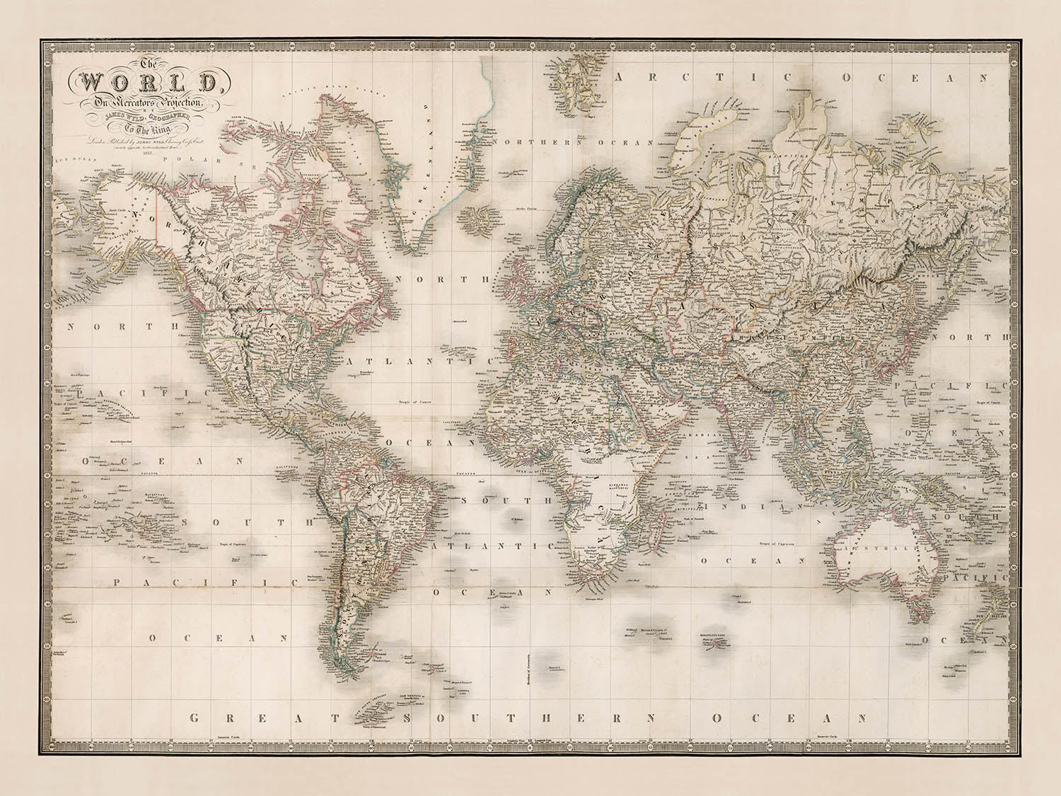 • Description: This is a folded engraved, hand-colored outline map of the world that emphasizes broad geographical outlines while distorting the sizes of Greenland and Antarctica, which appear disproportionately large compared to equatorial land masses. This distortion is characteristic of the Mercator projection.
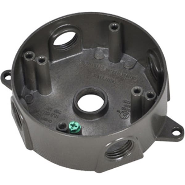 Features -Round Outlet Box. -Color - Bronze. -Five 1/2 in. Holes. -Mounting Lugs. -Closure Plugs. -Ground Screw. -Weatherproof. -Dimension - 5.51 x 4.25 x 1.61 in. -Item Weight - 0.46 lbs.
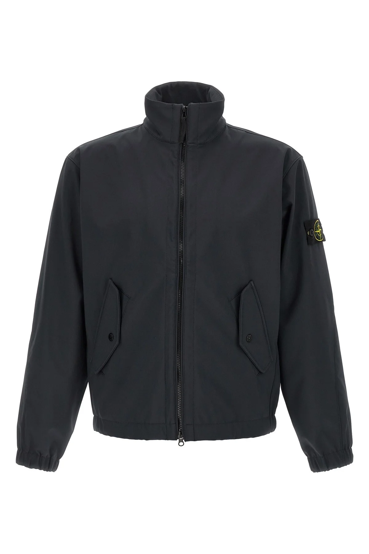 cod. L1S154100022S0A22V0020 '4100022' jacket in three-layer technical material with 8000 mm water column with outer part in stretch polyester canvas woven with e.dye® Waterless Color System™ technology yarns and inner part in textured polyester jersey with breathable and water and wind resistant membrane, high neck, front zip closure, pockets, long sleeves with elastic cuffs and logo badge applique, Back elastic band on the hem. Color: Blue Size & Fit: true to size fit Composition: 92% polyester, 8% elastane Made in: Indonesia PROMO CODE NOT APPLICABLE

----------------

• Task brief
Restate the listing word for word and drop the pictures.

• Solution below
 • Description: This is a folded engraved, hand-colored outline map of the world that emphasizes broad geographical outlines while distorting the sizes of Greenland and Antarctica, which appear disproportionately large compared to equatorial land masses. This distortion is characteristic of the Mercator projection.
 Features -Round Outlet Box. -Color - Bronze. -Five 1/2 in. Holes. -Mounting Lugs. -Closure Plugs. -Ground Screw. -Weatherproof. -Dimension - 5.51 x 4.25 x 1.61 in. -Item Weight - 0.46 lbs.
 cod. L1S154100022S0A22V0020 '4100022' jacket in three-layer technical material with 8000 mm water column with outer part in stretch polyester canvas woven with e.dye® Waterless Color System™ technology yarns and inner part in textured polyester jersey with breathable and water and wind resistant membrane, high neck, front zip closure, pockets, long sleeves with elastic cuffs and logo badge applique, Back elastic band on the hem. Color: Blue Size & Fit: true to size fit Composition: 92% polyester, 8% elastane Made in: Indonesia PROMO CODE NOT APPLICABLE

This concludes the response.